Of course, he had been just about to tell me how nice the house looked (the kids got rid of the dead evergreens on the back porch and did a bunch of general cleaning up) when I told him about the blanket. Somehow it's my fault that he pissed me off and I didn't let him say nice things. . .
Then I read Pat's note and cried - I'll just pretend Doug said that for now. I'm sure most of the little buggers feel that way but never say it - I'm so glad you got to hear it from Pat.
The reason I first started searching for a support group a couple of months after my love's dx was that I felt unappreciated and unloved by the man a had built a life with for 29 yrs.! I remember one of my first posts was sharing how he would go deep inside himself and not show me love, gratitude or affection. We had always been demonstrative toward each other.
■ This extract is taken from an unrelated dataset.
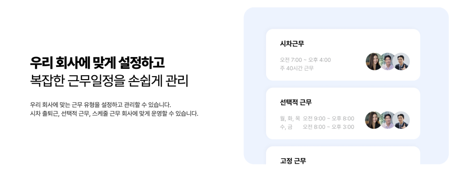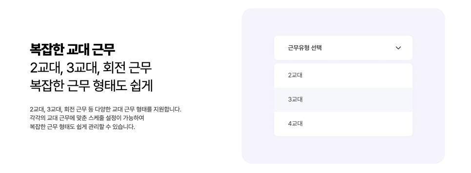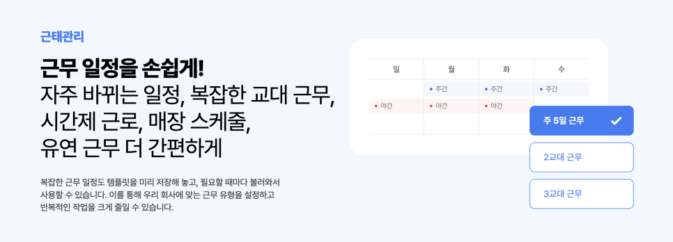 3조 2교대 근무, 3교대 근무와 같이 복잡한 교대 근무도 근무 템플릿으로 기록고 관리할 수 있고, 근무 패턴에 맞게 자유롭게 근무 일정을 수정할 수 있습니다.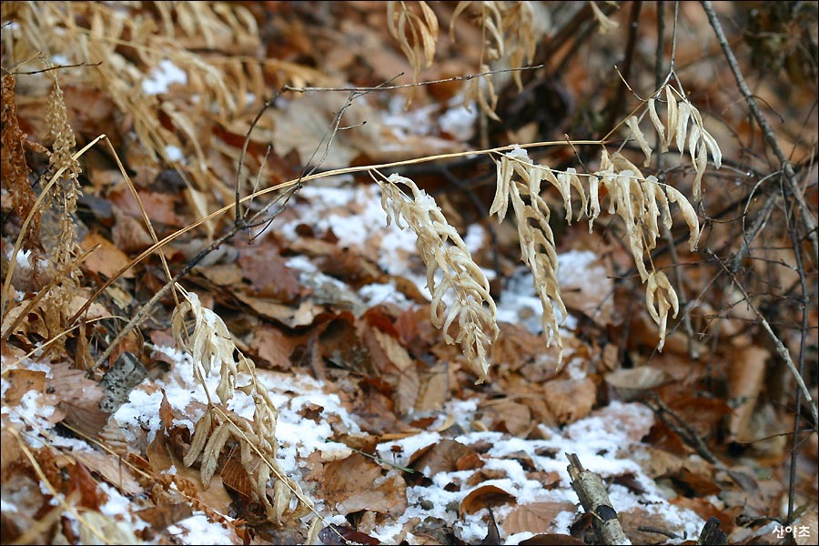 영양엽은 2회 羽狀複葉 이고 우편은 길이 20~30Cm로서 밑에 있는 것이 가장 길다.

Many wonderful folks here shared with me of their experiences and suggested I continue to love him as I always had and try hard to understand or accept what he was going through. I really tried, and for the most part accepted the reality, but sometimes I just had to say," no, I will not let the cancer take away the love of 29 yrs., and I would tell him that now more than ever I needed him to be the man I fell in love with". So, how did it go? Well, mostly we held, told each other how much we loved each other, tried to see through each others eyes what the other might be feeling. There were still days that he would disconnect, it hurt, but our love would bring him back.
I hope that you and Doug are able to find each other again, this Beast can test the best of us. A dear friend of mine told me that after her husband passed she realized that most everything was "crap"(blankets, bills, appointments...), in the end what really matters is our relationships with those whom we love and love us!
Best to you and Doug,
Lucy0 -
words
April....that sounds so similar to some things that Ken wrote to me; although not all at once. But he had told me that he would give anything to have just one day that he was not in pain and could swallow anything...be it food or drink. I feel so bad now that I was always accusing him of not fighting and giving up. I don't think I had any idea how bad he was struggling. I think he, like Pat, was fighting the best he could.
Give Pat a hug for me. The stress on larys is so much worse since they have an even harder time expressing their thoughts and feelings.